O'Reilly: But that sounds logical. That doesn't offend me.

Palin: That's why it's perplexing as to why I would be, you know, kinda clobbered left and right --

O'Reilly: You don't know -- really. You're sincere about you don't know why you're the lightning rod, you don't know why?

Palin: Only if it is because I'm representing a normal American who is --

O'Reilly: Well, why don't they like normal Americans? Why don't the New York Times like normal Americans, or NBC News? Why should they have disdain for the regular folks?

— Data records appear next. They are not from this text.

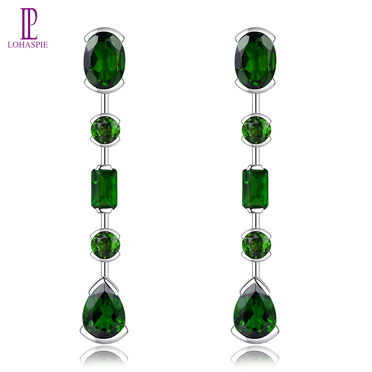Lohaspie Jewelry Genuine 3.5 Carats Drop Earring Silver 925 Original Natural Chrome Diopside Drop Earring Green Gemstone Earings For Women Birthday Gift Jewelry
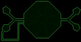 Arena consists of one central area and four smaller attached rooms in which players spawn. Each attached room is separated from the central arena with a hallway and door.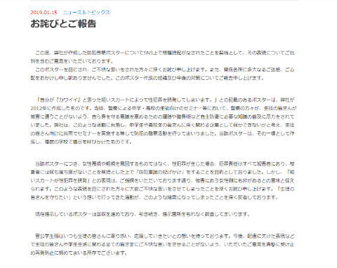 しかし、「短いスカートが性犯罪を誘発」は、指摘を受けた通り被害に遭う側にも非があるとの意味と捉えられると認め、「このような表現を目にされた方々に大変ご不快な思いをさせてしまったことを深くお詫び申し上げます」と謝罪しています。現在掲示しているポスターは回収を進めているとのこと。
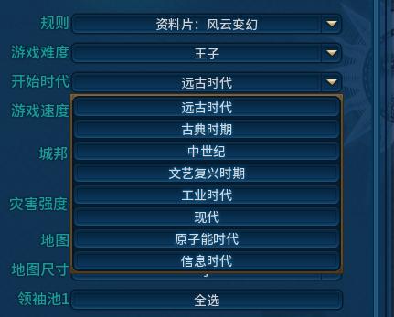 开始时代这个选项,可以帮助多数文明完成时间长河冲刷的挑战,把他们扔到一个合适的时代开始游戏。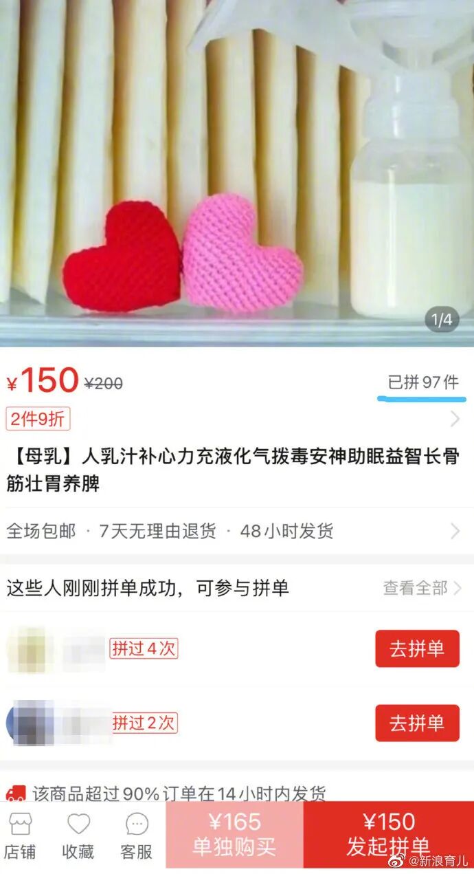 曾有人把母乳比喻成是“买不来”的,是小婴儿出生后填饱肚子最佳“口粮”。售卖“母乳”的是一家名叫“遇见是美”的店铺,而且“母乳”是店铺唯一上架商品。店家拍着胸脯表示,库存真实,母乳冷藏可保存3天,冷冻可保存3个月,宝宝喝不完吸出来马上冷冻保存。对于卖家十分关心的安全问题,店家在话术上也早有准备:“宝妈生产全面体检健康,核酸检测正常,有献血和脐带血捐献。”3月28日的时候,店铺交易显示母乳已售卖97袋,单价为100毫升150元。但今天我在拼多多已经搜索不到该店铺,看来拼多多“事后诸葛亮”的速度还挺快。02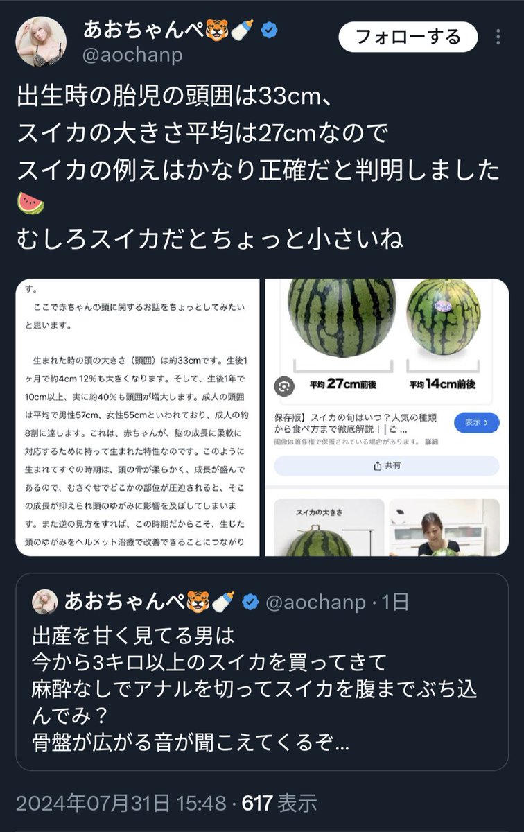 逆にスイカサイズの頭の新生児見た事あんのかねこの人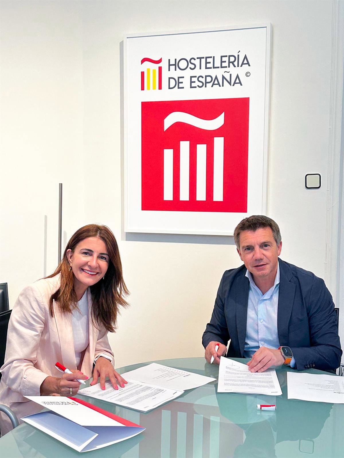 El presidente de Hostelería de España, José Almeida, y la directora de Fuerza de Ventas B2B de Repsol, Susana Baños, - HOSTELERÍA DE ESPAÑA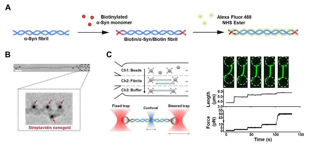 帕金森病和阿尔兹海默病等神经退行性疾病严重威胁人类健康,其核心病理特征之一是淀粉样纤维(amyloid fibrils)的异常聚集,其中最具代表性的蛋白包括α-syn、Tau和Aβ。这些蛋白聚集体不仅作为疾病的病理标志物以多种构象存在,还在神经炎症、细胞损伤及疾病传播过程中发挥关键作用。因此,科学界围绕如何利用化学小分子干预或破坏这些病理淀粉样纤维开展了广泛研究。近年来,冷冻电镜(Cryo-EM)技术的突破显著推动了对这些病理性纤维原子结构的理解,但其通常依赖于对成千上万条病理纤维的静态平均信息。目前,对于单个病理性纤维在溶液中的力学特性及其与化学小分子的相互作用仍知之甚少。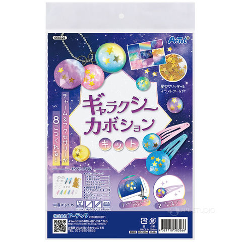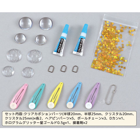 | セット内容 | クリアカボションパーツ(半球20mm、半球25mm、クリスタル20mm、クリスタル25mm)×各2、ヘアピンパーツ×5、ボールチェーン×3、Dカン×1、ホログラムグリッター星ゴールド0.5g×1、接着剤×2 |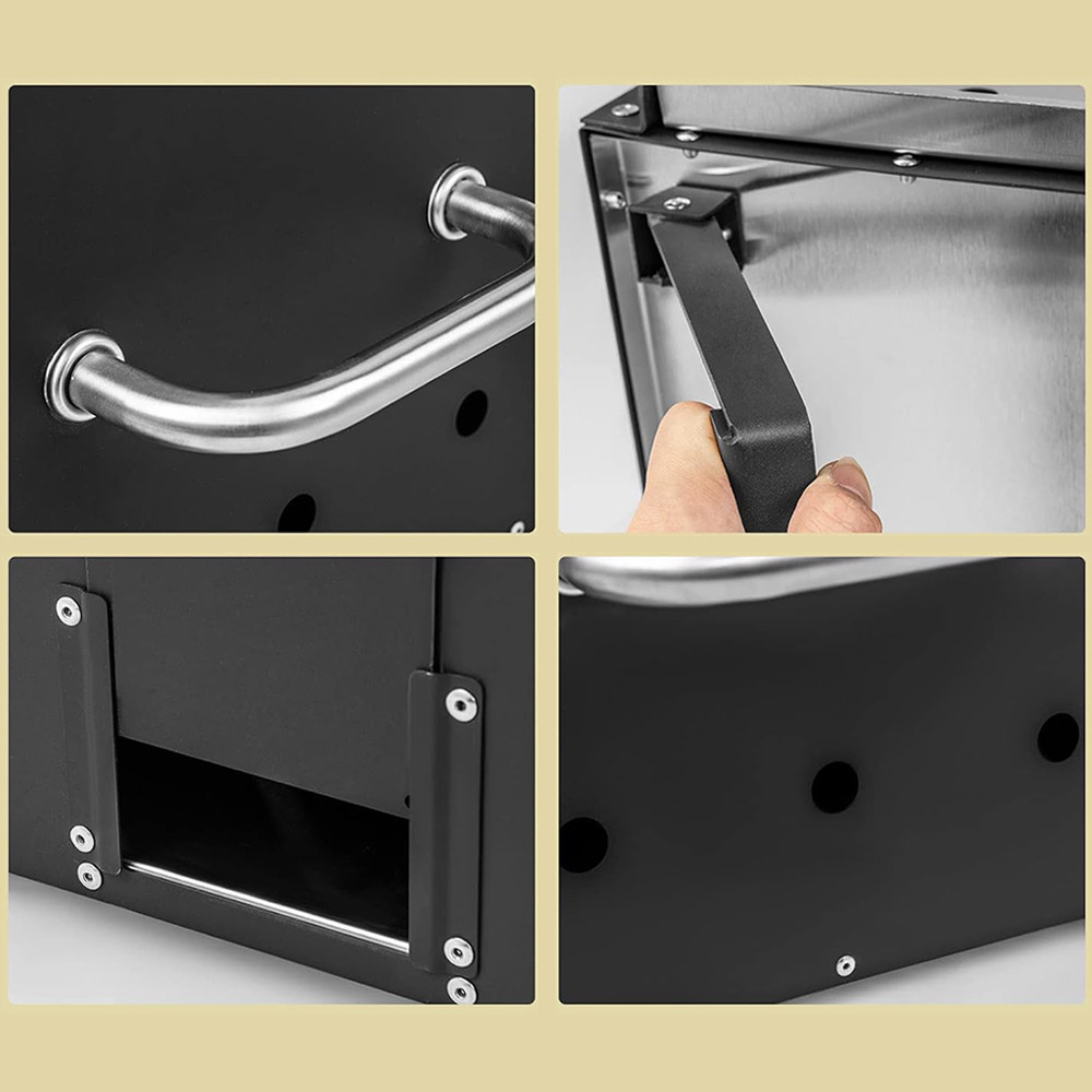 Леката конструкция и сгъваемите крака улесняват транспортирането. Неръждаемите стоманени дръжки осигуряват стабилен захват, което позволява лесно преместване на печката.

Palin: Because I think that, obviously they wanting so much control over our lives, I think perhaps there is a little bit of threat there, that the average American is gonna rise up and our voice is going to be louder and louder, and we're going to tell our government, 'No, we expect you to work for us, we're not going to work for you, we expect things to turn around here quite quickly,' even if that means the elites are not gonna be in control anymore.

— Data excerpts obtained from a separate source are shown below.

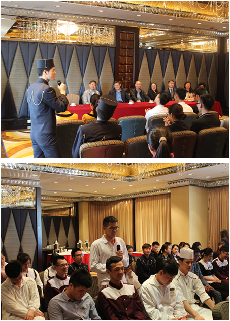 13日上午,校企双方进行深入交流,谢总监代表酒店充分肯定2008年以来双方持续良性合作的效果,对学生的表现整体是满意的,还特意表扬了袁永武同学获得2014年度最佳员工奖(备注:全酒店1000余员工只评定2名),同时喜报南华工商学院的李杏文、龙泽敏、袁永武、卢惠紫、叶惠娟等同学代表酒店参加2014年澳门职业技能比赛,并以优异的成绩赢得最高荣誉“金襟针奖”;校企双方合作硕果累累,学院易江院长就境外酒店行业对专业人才培养的素质及职业要求与酒店方进行了讨论,双方都认同学生的心态培养、优质服务意识、专业素养和英语沟通能力显得尤为重要。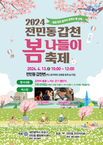 [충청뉴스큐] 대전 유성구 전민동이 13일 오전 10시부터 전민동 갑천변에 닿은 봄의 정취를 전하기 위한 ‘2024 전민동 갑천 봄나들이 축제’를 개최한다.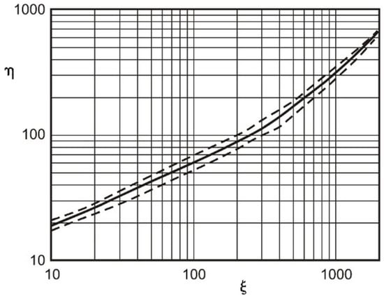 The relationship between ξ and η is shown graphically in Figure 5, which includes a confidence band to reflect the range of variation within ξ and η due to differences in ice characteristics and fluvial geomorphology.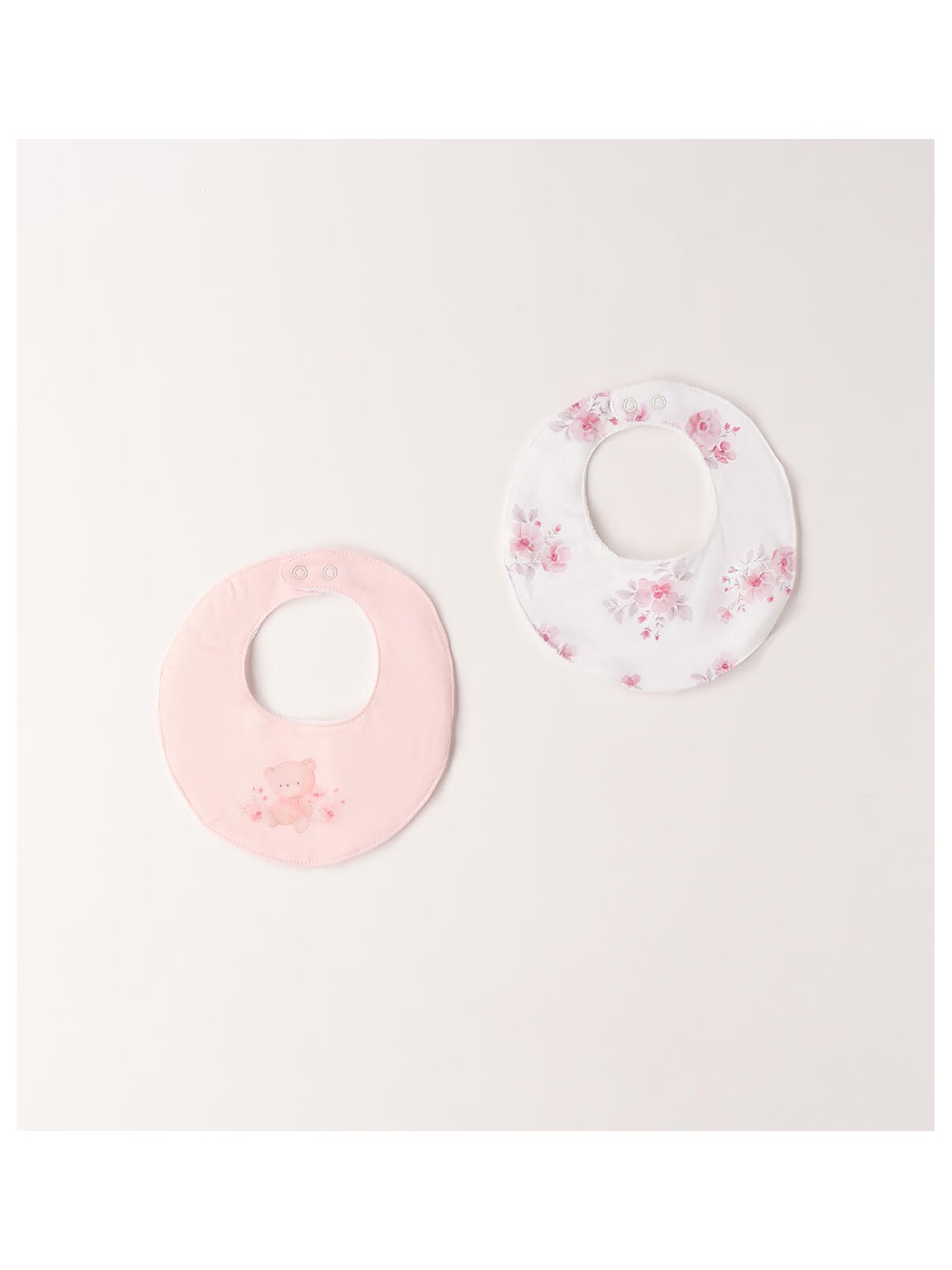 Bavina per neonata realizzata in jersey stretch di cotone con retro in spugna di cotone, due varianti disponibili Chiusura regolabile con bottoni a pressione.

I'm talking about the media, I'm talking about those that are in bureaucracy that are calling the shots for us -- I -- that's why the Tea Party movement, I think is beautiful. And I think that it is, it is empowering for so many of us to be watching what's going on with the Tea Party movement where we saying -- 'That's -- that's me!' I think it's beautiful what's going on right now. And perhaps that is threatening to some who don't want to cede any control.

O'Reilly: I think that's a good analysis, but what I get from talking to you for the past hour is that you, Sarah Palin, want to lead that movement. You want to lead it.

Palin: I do not need a title, and I do not necessarily be the one to lead it, I don't -- need to --

O'Reilly: You -- no spin. You want to lead that populist movement. I can see it in your eyes. You want it.

Palin: I'm willing to assist. I know in my heart and soul that the experiences that I have gone through -- I believe that's all been kind of put together in my life -- can benefit the average, everyday, hard-working American because I have been where they are. I'm experiencing what they're experiencing. And I'm willing to assist, but again, I don't have to be the top dog.

This is all fitting, of course, because the the April 15 Tea Parties really signaled the takeover of the American Right by its populist wing. And Palin, of course, had established herself as a right-wing populist well before the parties began, during the 2008 campaign.